I reflect on my childhood memories of partaking in the ceremonial, bi-annual masala-making project, which pressed into service the collective energy of the entire family. There was a wide range of everyday masalas we’d churn out: rasam powder, sambar powder, vangi bhath powder, chutney pudi, menthyada hittu, to name a few. These would be stored in stainless steel canisters or washed and dried glass jam bottles and refilled at regular intervals.

Today, I find myself following in my mother’s footsteps, grinding my own masalas and storing them in re-purposed bottles, sticking a twig of neem in them to keep pests at bay. As I cook with them, infusing fresh aromas into a repertoire of inherited recipes, I anticipate that they’d sprout into full-mouthed conversations at the table — even years hence, as the next generation takes over, ascribing their own meanings to the ritual.

Here are some everyday staple masalas you can make and find multiple uses for, while honouring time-tested traditions and sustainability practices, by lowering energy consumption, for instance, due in most part to the supply chain logistics of packaged foods, and consequently, ecological footprint.

Menthyada Hittu
(Makes about 200 grams)


• 1⁄2 cup chana dal
• 1⁄2 cup urad dal
• 1⁄4 cup moong dal
• 1⁄4 cup toor dal
• 1 teaspoon jeera
• 1 1⁄2 teaspoons methi
• 1 1⁄2 teaspoons coriander seeds
• 1 1⁄2 teaspoons whole wheat
• 1 teaspoon whole black pepper
• 2 sprigs curry leaves
• 1⁄4 teaspoon turmeric
• 1⁄2 teaspoon dry ginger powder
• 4–6 dry red chillies
• A pinch of asafoetida

• Roast the dals in a pan on low heat, until they turn light brown. Empty them into a big steel plate or bowl, and set aside.
• Add the jeera, methi, coriander, whole wheat to the same pan, roast on low heat until they turn light brown, empty them into the bowl/plate with the dals, and set aside.
• Add the remaining ingredients to the same pan, roast under low heat for a few minutes, until the raw smell goes away, and turn off the heat.
• Once all the roasted ingredients are cooled, grind them to a smooth finish in the mixie, and let cool before storing in an airtight container. It
will stay for up to four weeks.
• Serve this with hot rice, salt and ghee at the beginning of a meal, for better digestion and as a remedial order for acidity.
Note: Make a slightly thick paste with 2-3 tablespoons of this powder and water, add a splash of tamarind juice/ extract, salt, jaggery, bring it to a gentle simmer for about 3-4 minutes, remove from heat.
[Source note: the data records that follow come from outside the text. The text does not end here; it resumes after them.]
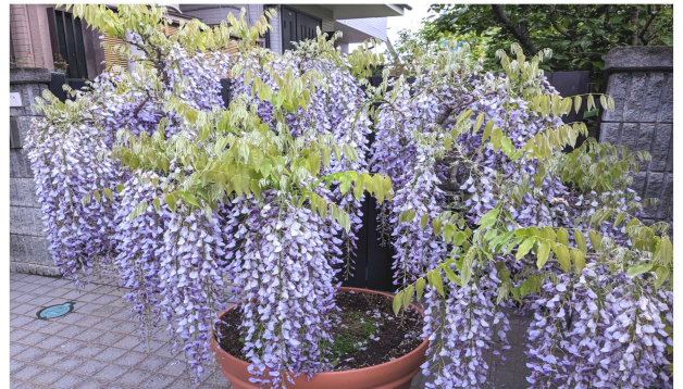
たわわに下がる藤の花。大きな鉢植えにしっかりと（風渡野の原田宅）
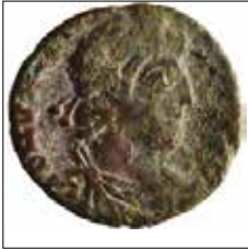
Kat. No: 9a
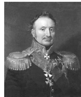
Граф Пётр Христианович Витгенштейн. 1819-1823 гг. Джордж Доу.

Наш Витгенштейн, вождь-герой, Петрополя спаситель. Хвала! Он щит стране родной, Он хищных истребитель.
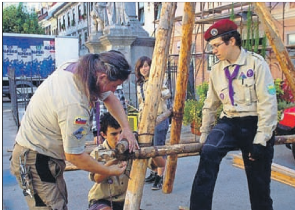
Prikazali so, kaj vse znajo.

nje šotorov, spanje v šotorih, ogenj ter seveda dobra družba, prijatelji," je še dejala Jerebova. Z obiskom na Tednu taborništva so loški taborniki zadovoljni, glede na to, da pri- jave še vedno prejemajo, pa
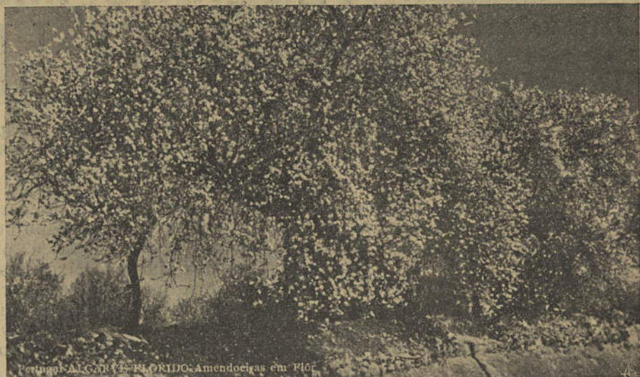
Algarve FLORIDAS Amendoeiras em Flor

Sómente um problema, escurece este céu limpo nas nossas

Add chopped cold cucumber to it and enjoy it with rice or rotis!

Rasam powder
(Makes about 400 grams)

• 1 teaspoon groundnut oil
• 1⁄4 kg coriander seeds
• 1⁄4 kg dry red chillies (Byadagi)
• 50 gms cumin seeds
• 50 gms fenugreek seeds
• 25 gms mustard seeds
• 25 gms black pepper
• 2 sprigs curry leaves
• 1 teaspoon turmeric
• 1⁄2 teaspoon asafoetida powder


• Heat the oil in a pan, and add the coriander seeds and red chillies, fry on low heat until they’re done. Empty both into a large steel bowl/plate,
set aside.
• In the same pan, fry the remaining ingredients on a low flame until done, and turn off the heat.
• Once all the ingredients are cooled, grind to a fine powder in the mixie. Let it cool completely before storing in an airtight container.
• Stays for upto 4 weeks outside, or 2 months in the freezer.
Use in rasam according to spice preference (typically 2 teaspoons for 2 cups of rasam)
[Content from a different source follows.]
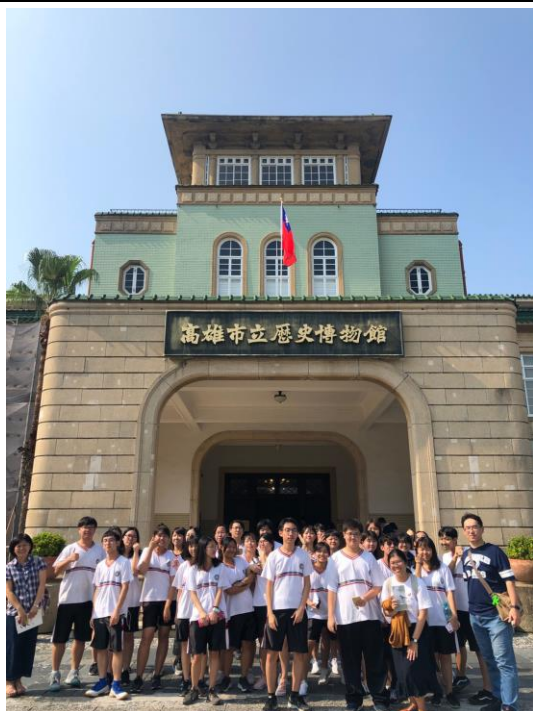
上課情況（參訪高雄市立歷史博物館）

Note: Use this powder for various other preparations, like Gojju, or make this quick chutney as a side dish with idli/ dosa by mixing ½ teaspoon of the masala powder with 3-4 tablespoons of thick curd, add a dash of salt and sugar, stir well.

(Ranjini Rao is a communications professor, author, and podcaster, straddling multiple worlds in Bengaluru. She’s passionate about urban farming and sustainable living, and can mostly be found cooking and baking in her little kitchen where, surrounded by heirloom coffee kettles and mismatched tea cups, she finds her chi.)